═════ INFORMATION GIVEN ═════

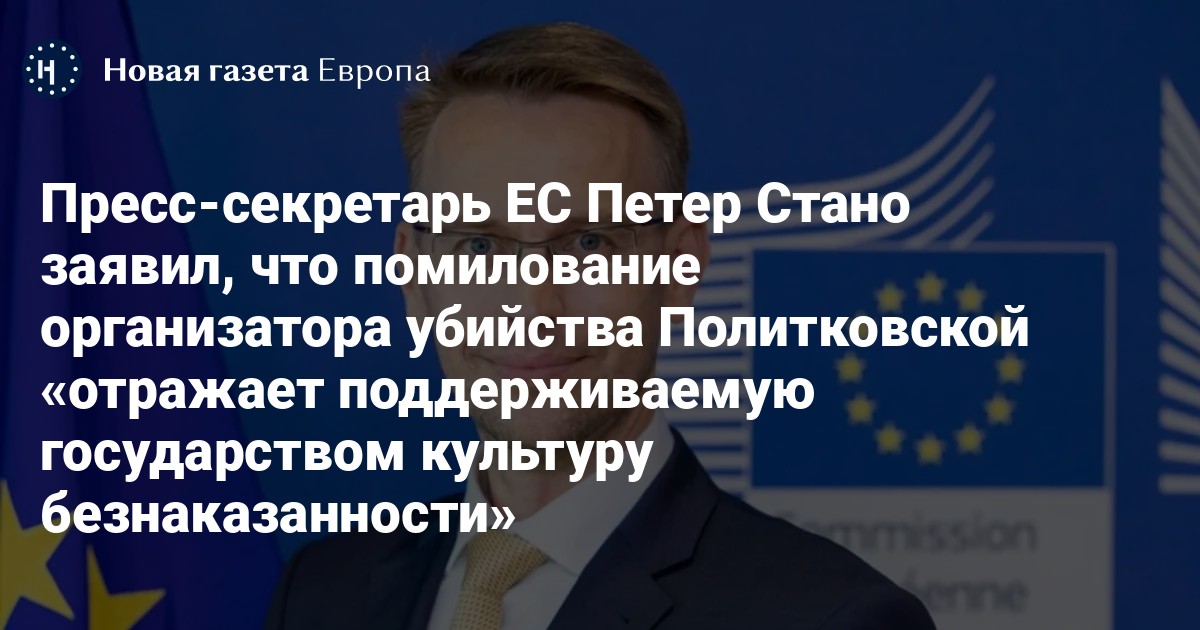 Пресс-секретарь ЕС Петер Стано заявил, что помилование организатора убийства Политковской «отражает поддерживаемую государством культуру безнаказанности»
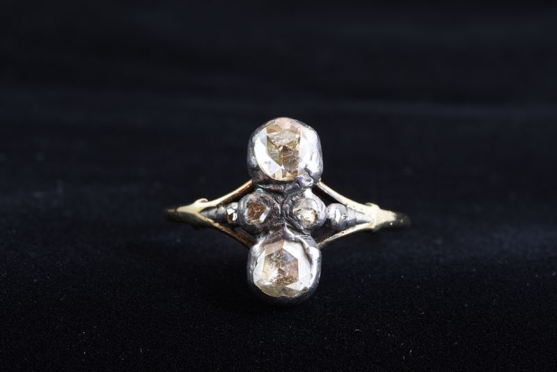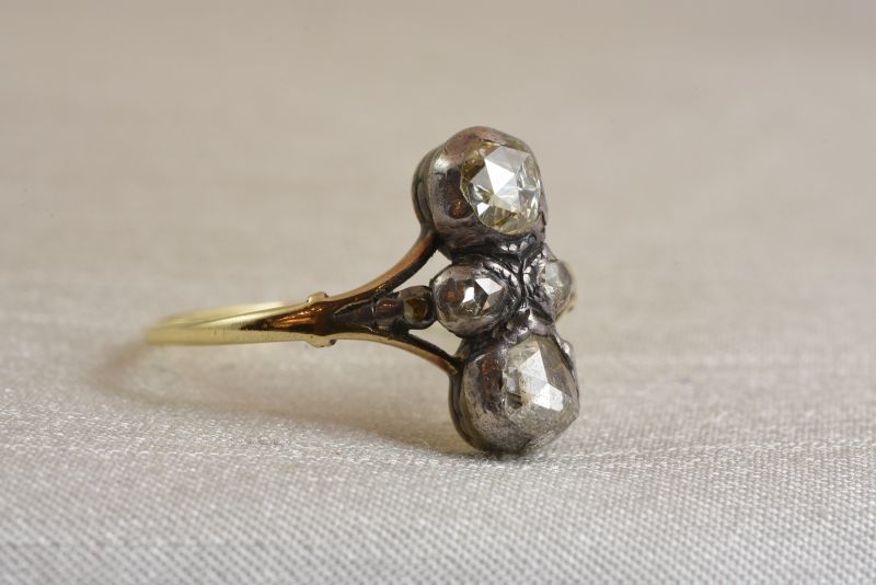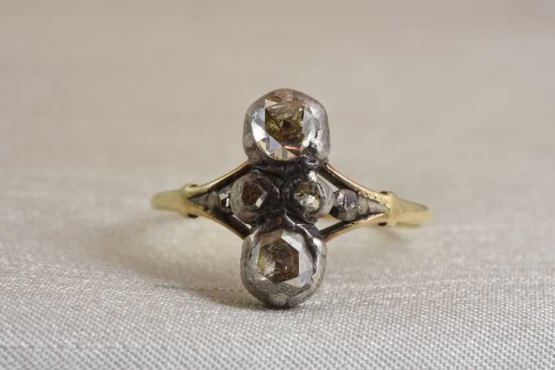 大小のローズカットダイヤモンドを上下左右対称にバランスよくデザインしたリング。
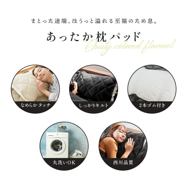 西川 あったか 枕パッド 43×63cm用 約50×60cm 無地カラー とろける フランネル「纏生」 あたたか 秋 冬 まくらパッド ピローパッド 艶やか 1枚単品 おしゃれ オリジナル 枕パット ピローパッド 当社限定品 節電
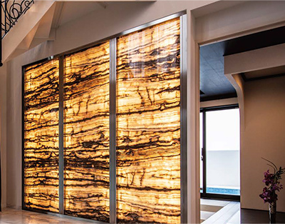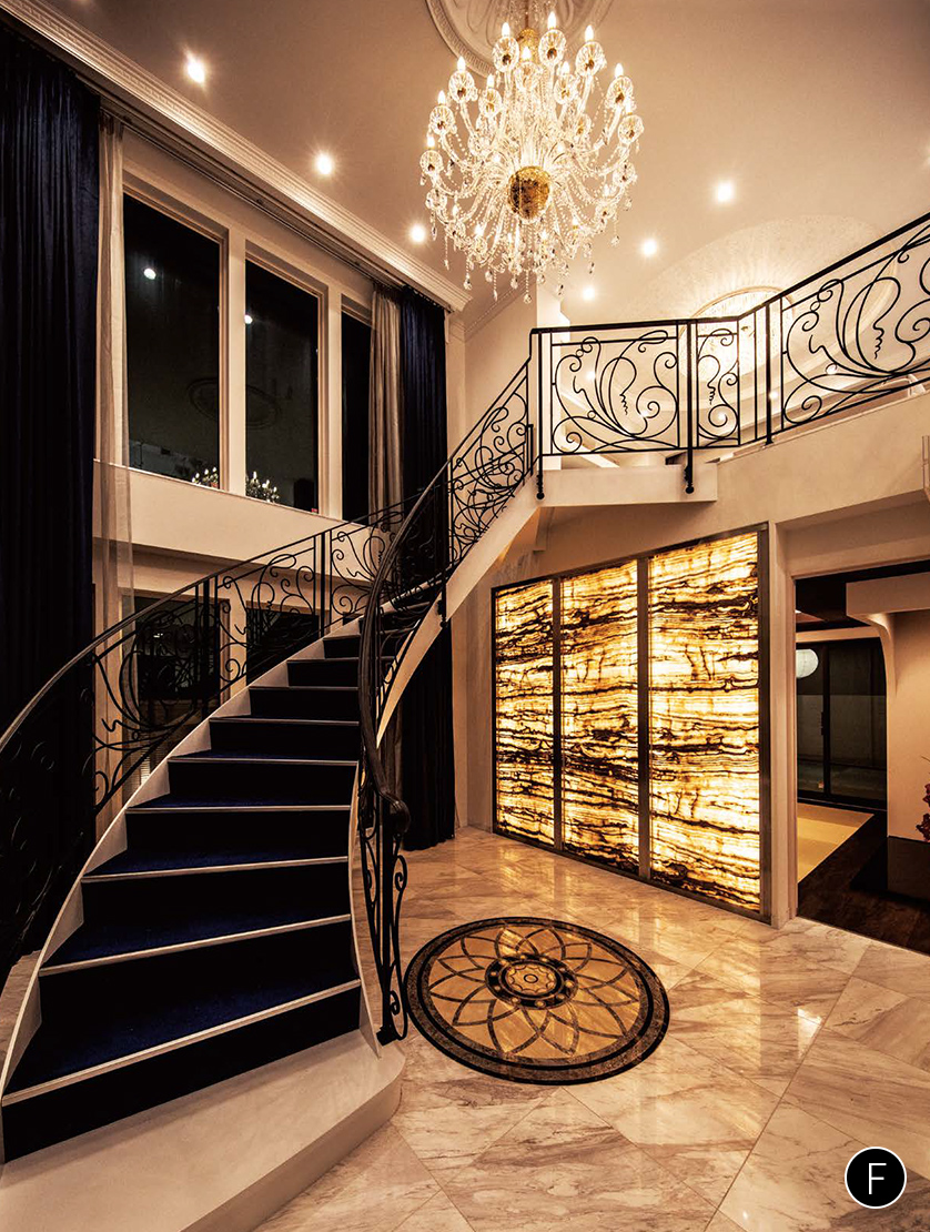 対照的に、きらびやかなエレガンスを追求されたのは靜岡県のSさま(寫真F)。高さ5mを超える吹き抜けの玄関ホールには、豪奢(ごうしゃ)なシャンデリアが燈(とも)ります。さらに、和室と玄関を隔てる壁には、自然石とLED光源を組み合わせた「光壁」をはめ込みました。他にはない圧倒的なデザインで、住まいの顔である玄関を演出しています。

═════
═════ INFORMATION GIVEN ═════

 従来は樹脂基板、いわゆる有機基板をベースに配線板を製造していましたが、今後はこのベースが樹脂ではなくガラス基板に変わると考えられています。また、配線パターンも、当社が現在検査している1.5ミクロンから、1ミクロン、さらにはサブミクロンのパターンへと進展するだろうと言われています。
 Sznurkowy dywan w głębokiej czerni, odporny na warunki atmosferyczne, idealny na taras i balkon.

═════
═════ INFORMATION GIVEN ═════

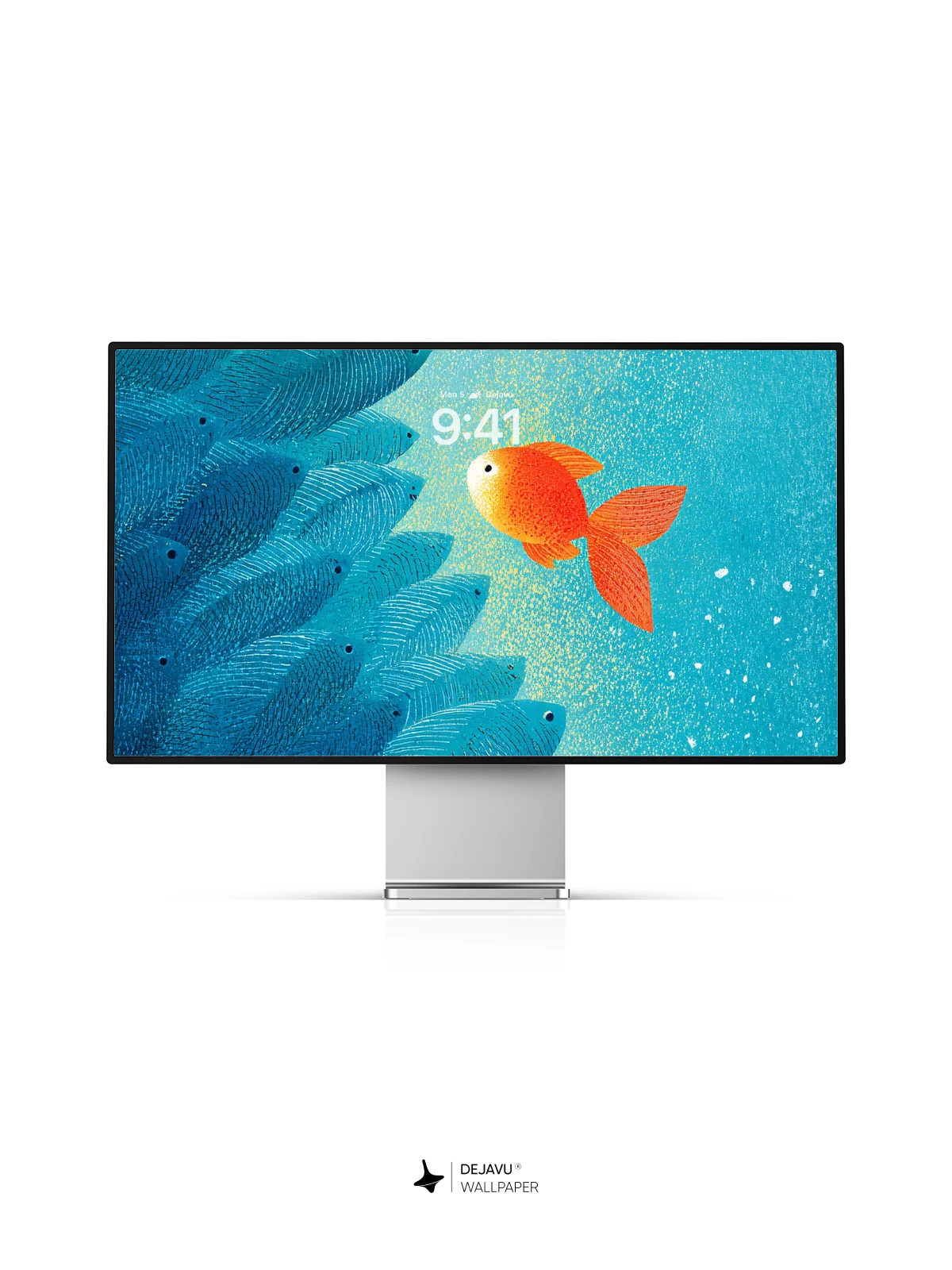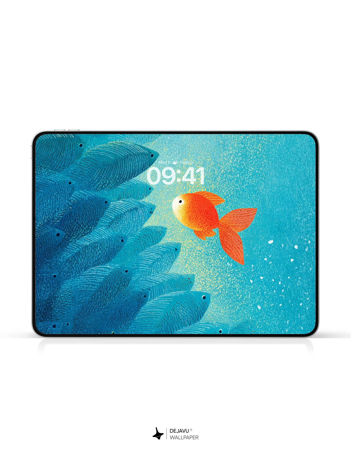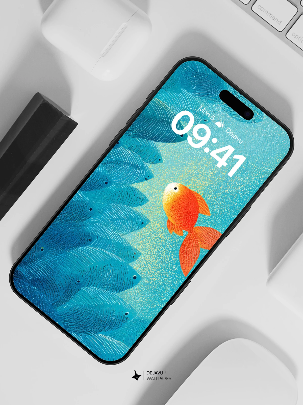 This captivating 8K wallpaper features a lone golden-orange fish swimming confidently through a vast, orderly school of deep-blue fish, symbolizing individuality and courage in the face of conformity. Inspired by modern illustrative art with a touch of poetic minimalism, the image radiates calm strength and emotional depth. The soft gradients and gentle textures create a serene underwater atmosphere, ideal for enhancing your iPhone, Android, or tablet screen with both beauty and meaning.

═════

PROBLEM
Using the material above, transcribe exactly the lines from the one holding "Пресс-секретарь ЕС Петер" to the one holding "対照的に、きらびやかなエレガ", both ends kept. Do not carry over any pictures.

RESPONSE TO THE EXERCISE
 Пресс-секретарь ЕС Петер Стано заявил, что помилование организатора убийства Политковской «отражает поддерживаемую государством культуру безнаказанности»
 大小のローズカットダイヤモンドを上下左右対称にバランスよくデザインしたリング。
 西川 あったか 枕パッド 43×63cm用 約50×60cm 無地カラー とろける フランネル「纏生」 あたたか 秋 冬 まくらパッド ピローパッド 艶やか 1枚単品 おしゃれ オリジナル 枕パット ピローパッド 当社限定品 節電
 対照的に、きらびやかなエレガンスを追求されたのは靜岡県のSさま(寫真F)。高さ5mを超える吹き抜けの玄関ホールには、豪奢(ごうしゃ)なシャンデリアが燈(とも)ります。さらに、和室と玄関を隔てる壁には、自然石とLED光源を組み合わせた「光壁」をはめ込みました。他にはない圧倒的なデザインで、住まいの顔である玄関を演出しています。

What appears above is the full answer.